Give back every entry precisely as written, without any of the images.

── AVAILABLE DATA ──

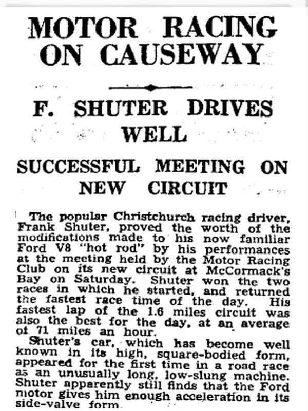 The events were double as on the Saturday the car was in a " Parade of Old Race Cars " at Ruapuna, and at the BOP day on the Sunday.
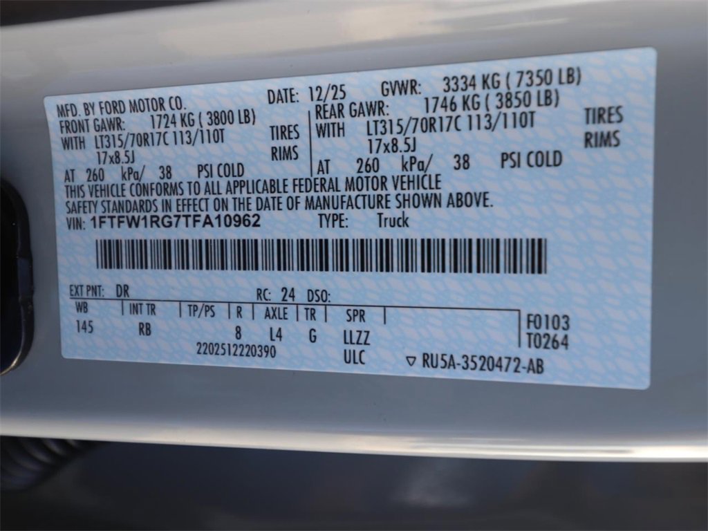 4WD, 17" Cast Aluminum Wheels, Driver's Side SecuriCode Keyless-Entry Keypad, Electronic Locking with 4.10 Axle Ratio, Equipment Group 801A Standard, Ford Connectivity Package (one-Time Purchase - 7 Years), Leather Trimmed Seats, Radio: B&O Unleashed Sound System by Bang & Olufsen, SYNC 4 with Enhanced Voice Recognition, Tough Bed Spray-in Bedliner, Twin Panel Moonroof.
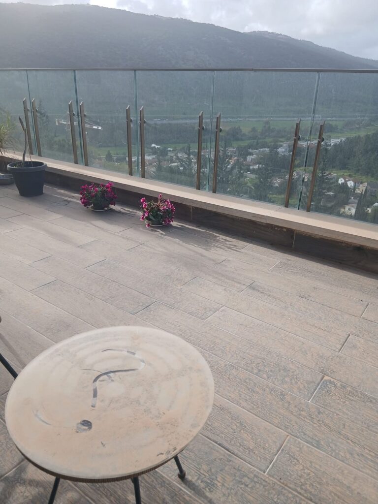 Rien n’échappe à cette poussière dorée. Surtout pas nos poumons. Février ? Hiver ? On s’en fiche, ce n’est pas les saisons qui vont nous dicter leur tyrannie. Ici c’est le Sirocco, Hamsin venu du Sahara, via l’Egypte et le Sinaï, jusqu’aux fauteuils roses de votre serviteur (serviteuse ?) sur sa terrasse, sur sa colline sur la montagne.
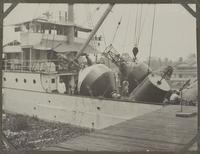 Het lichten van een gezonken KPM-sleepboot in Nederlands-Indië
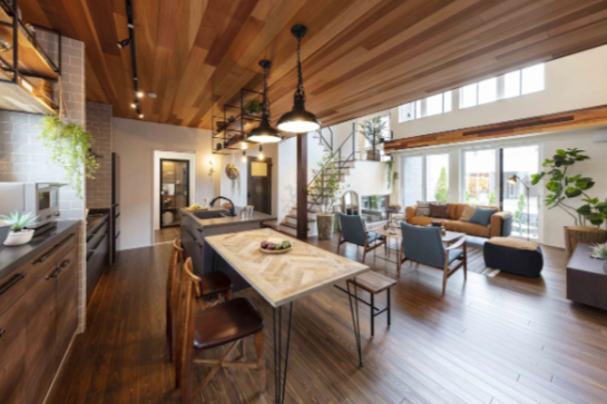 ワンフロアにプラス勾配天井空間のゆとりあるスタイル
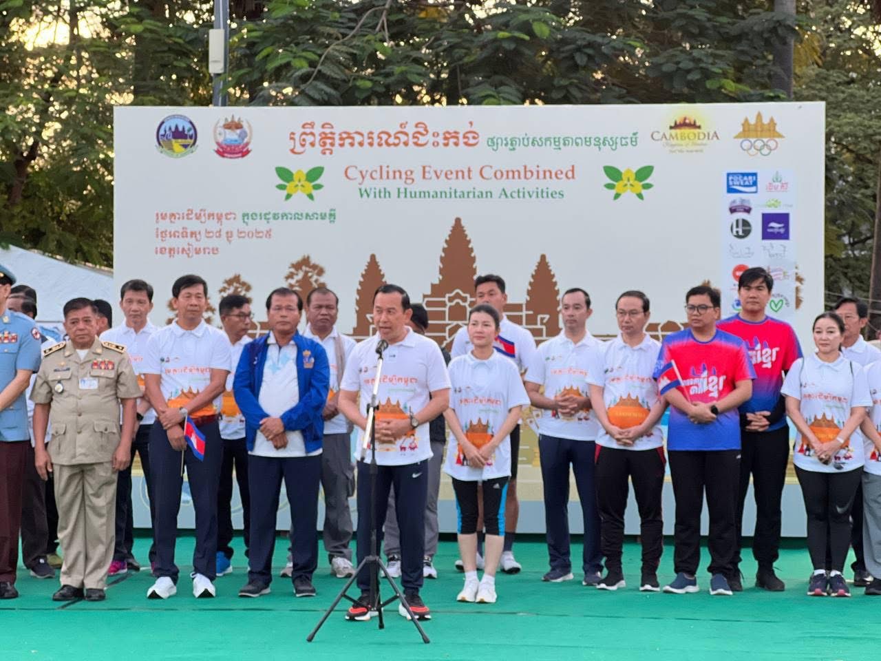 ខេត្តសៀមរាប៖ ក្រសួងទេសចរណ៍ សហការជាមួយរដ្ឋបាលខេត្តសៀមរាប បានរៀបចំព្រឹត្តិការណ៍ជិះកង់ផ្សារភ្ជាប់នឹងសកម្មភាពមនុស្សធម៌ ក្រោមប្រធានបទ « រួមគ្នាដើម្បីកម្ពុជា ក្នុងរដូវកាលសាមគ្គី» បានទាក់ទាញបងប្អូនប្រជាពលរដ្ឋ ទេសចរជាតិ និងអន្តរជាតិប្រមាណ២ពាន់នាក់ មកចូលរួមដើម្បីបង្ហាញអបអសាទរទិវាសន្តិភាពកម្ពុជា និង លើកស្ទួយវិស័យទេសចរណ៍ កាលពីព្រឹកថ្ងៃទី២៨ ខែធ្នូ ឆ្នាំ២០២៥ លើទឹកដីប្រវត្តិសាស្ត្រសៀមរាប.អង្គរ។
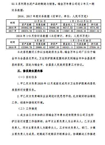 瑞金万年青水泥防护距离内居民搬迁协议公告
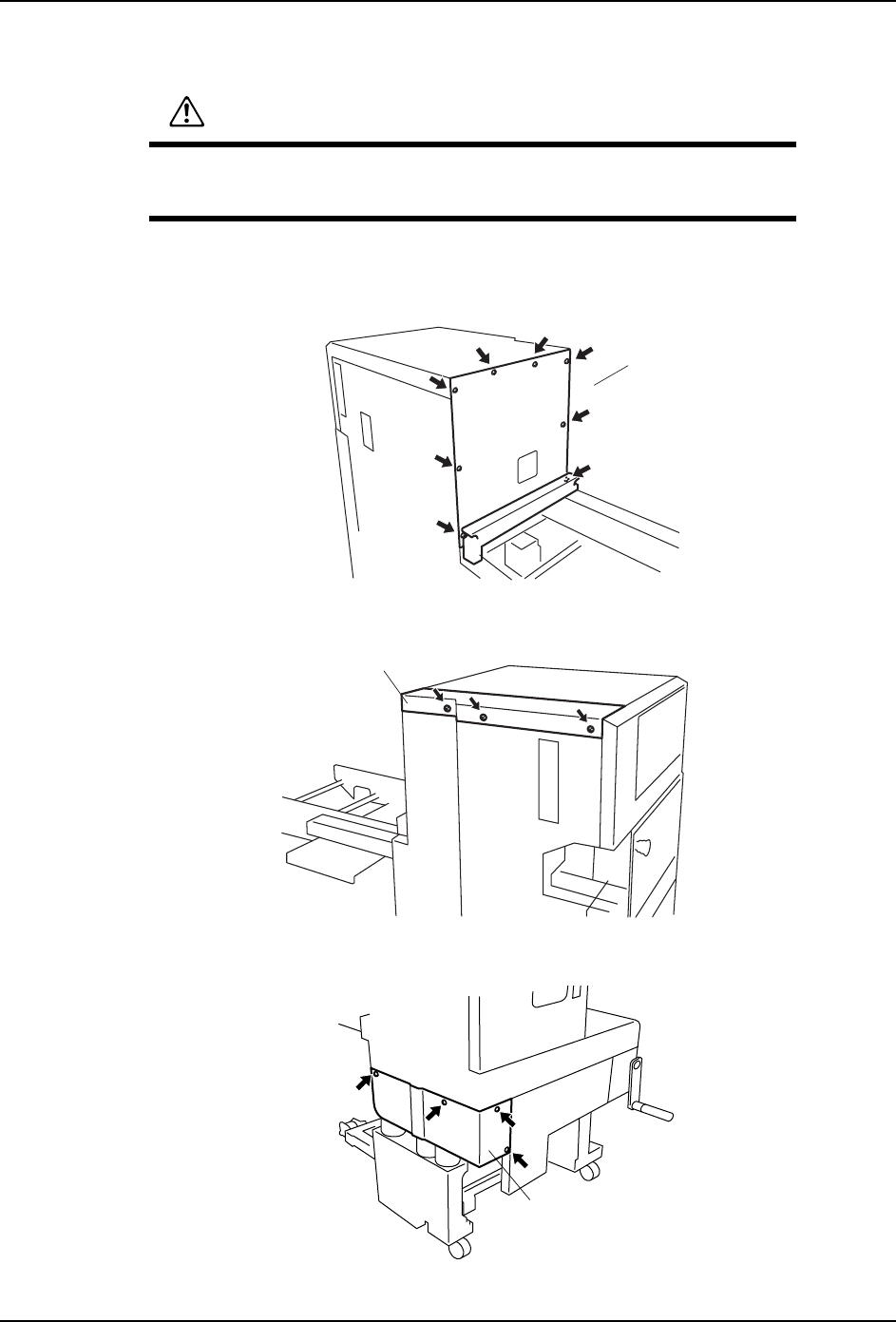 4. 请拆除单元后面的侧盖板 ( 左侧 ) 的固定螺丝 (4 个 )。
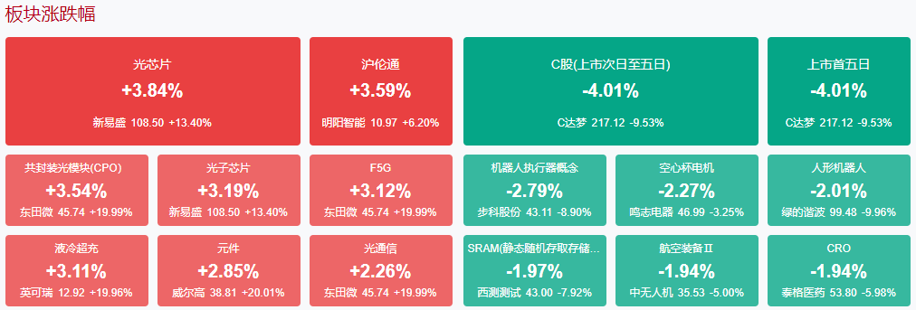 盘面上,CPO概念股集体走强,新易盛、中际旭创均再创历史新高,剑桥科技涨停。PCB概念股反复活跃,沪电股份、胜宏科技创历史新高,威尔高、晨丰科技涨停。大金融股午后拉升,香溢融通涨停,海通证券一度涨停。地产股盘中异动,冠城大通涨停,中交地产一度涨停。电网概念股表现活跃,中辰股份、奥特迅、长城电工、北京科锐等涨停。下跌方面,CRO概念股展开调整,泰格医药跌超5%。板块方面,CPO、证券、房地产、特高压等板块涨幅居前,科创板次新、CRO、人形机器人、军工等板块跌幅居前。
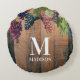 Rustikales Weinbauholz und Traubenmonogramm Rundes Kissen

───

*SOLUTION TO THE EXERCISE*
 The events were double as on the Saturday the car was in a " Parade of Old Race Cars " at Ruapuna, and at the BOP day on the Sunday.
 4WD, 17" Cast Aluminum Wheels, Driver's Side SecuriCode Keyless-Entry Keypad, Electronic Locking with 4.10 Axle Ratio, Equipment Group 801A Standard, Ford Connectivity Package (one-Time Purchase - 7 Years), Leather Trimmed Seats, Radio: B&O Unleashed Sound System by Bang & Olufsen, SYNC 4 with Enhanced Voice Recognition, Tough Bed Spray-in Bedliner, Twin Panel Moonroof.
 Rien n’échappe à cette poussière dorée. Surtout pas nos poumons. Février ? Hiver ? On s’en fiche, ce n’est pas les saisons qui vont nous dicter leur tyrannie. Ici c’est le Sirocco, Hamsin venu du Sahara, via l’Egypte et le Sinaï, jusqu’aux fauteuils roses de votre serviteur (serviteuse ?) sur sa terrasse, sur sa colline sur la montagne.
 Het lichten van een gezonken KPM-sleepboot in Nederlands-Indië
 ワンフロアにプラス勾配天井空間のゆとりあるスタイル
 ខេត្តសៀមរាប៖ ក្រសួងទេសចរណ៍ សហការជាមួយរដ្ឋបាលខេត្តសៀមរាប បានរៀបចំព្រឹត្តិការណ៍ជិះកង់ផ្សារភ្ជាប់នឹងសកម្មភាពមនុស្សធម៌ ក្រោមប្រធានបទ « រួមគ្នាដើម្បីកម្ពុជា ក្នុងរដូវកាលសាមគ្គី» បានទាក់ទាញបងប្អូនប្រជាពលរដ្ឋ ទេសចរជាតិ និងអន្តរជាតិប្រមាណ២ពាន់នាក់ មកចូលរួមដើម្បីបង្ហាញអបអសាទរទិវាសន្តិភាពកម្ពុជា និង លើកស្ទួយវិស័យទេសចរណ៍ កាលពីព្រឹកថ្ងៃទី២៨ ខែធ្នូ ឆ្នាំ២០២៥ លើទឹកដីប្រវត្តិសាស្ត្រសៀមរាប.អង្គរ។
 瑞金万年青水泥防护距离内居民搬迁协议公告
 4. 请拆除单元后面的侧盖板 ( 左侧 ) 的固定螺丝 (4 个 )。
 盘面上,CPO概念股集体走强,新易盛、中际旭创均再创历史新高,剑桥科技涨停。PCB概念股反复活跃,沪电股份、胜宏科技创历史新高,威尔高、晨丰科技涨停。大金融股午后拉升,香溢融通涨停,海通证券一度涨停。地产股盘中异动,冠城大通涨停,中交地产一度涨停。电网概念股表现活跃,中辰股份、奥特迅、长城电工、北京科锐等涨停。下跌方面,CRO概念股展开调整,泰格医药跌超5%。板块方面,CPO、证券、房地产、特高压等板块涨幅居前,科创板次新、CRO、人形机器人、军工等板块跌幅居前。
 Rustikales Weinbauholz und Traubenmonogramm Rundes Kissen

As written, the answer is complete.